These changes do require adjusting the terminology in the rest of the
document.
3. Overview
See comments on section 2.
4. Protocol Operation
The SDP offer SHOULD use the "sendonly" attribute and the SDP answer
MUST use the "recvonly" attribute in any case.
You may want to extend this to "SHOULD use the "sendonly" attribute
but MAY use the "sendrecv" attribute", since the other possible values
are useless.
"in any case" seems redundant given the presence of "MUST".
Changed to:
The SDP offer SHOULD use the "sendonly" attribute or MAY use the "sendrecv" attribute instead, "inactive" and "recvonly" attributes MUST NOT be used. The SDP answer MUST use the "recvonly" attribute.

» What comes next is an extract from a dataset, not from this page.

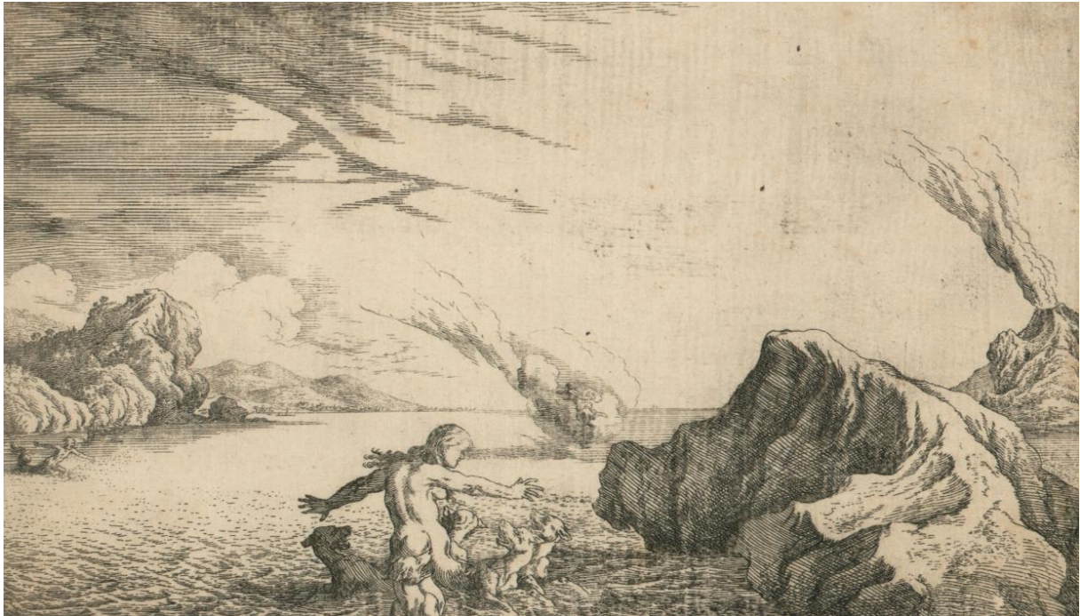
SLIKA 33. Johann Wilhelm Baur, Scilina preobrazba , bakropis, 1641.?, Grafička zbirka Nacionalne i sveučilišne knjižnice u Zagrebu

se nazire figura Kirke koja bježi s mjesta zločina nakon što je otrovala more. Uz desni rub kadra u dalekoj eruptira Etna, kao da u samoći parira Scilinoj nesreći.

POST /whip/endpoint HTTP/1.1
I recommend preceding each of the HTTP messages with a description of
what the endpoints are. E.g. "POST request from WHIP client to WHIP
server" and "201 Created response from WHIP server to WHIP client".
Figure 2: HTTP POST doing SDP O/A example
Perhaps more informative as "Example WHIP POST executing SDP
offer/answer".
There is not such thing as "WHIP POST", renamed to:
"Example of SDP offer/answer exchange done via an HTTP POST"
would that work for you?
Once a session is setup, ICE consent freshness [RFC7675] SHALL be
used to detect non graceful disconnection and DTLS teardown for
session termination by either side.
I think the meaning is "Once a session is set up, ICE consent
freshness [RFC7675] MUST be maintained. Both endpoints MUST monitor
freshness and MUST tear down the connection if freshness is lost."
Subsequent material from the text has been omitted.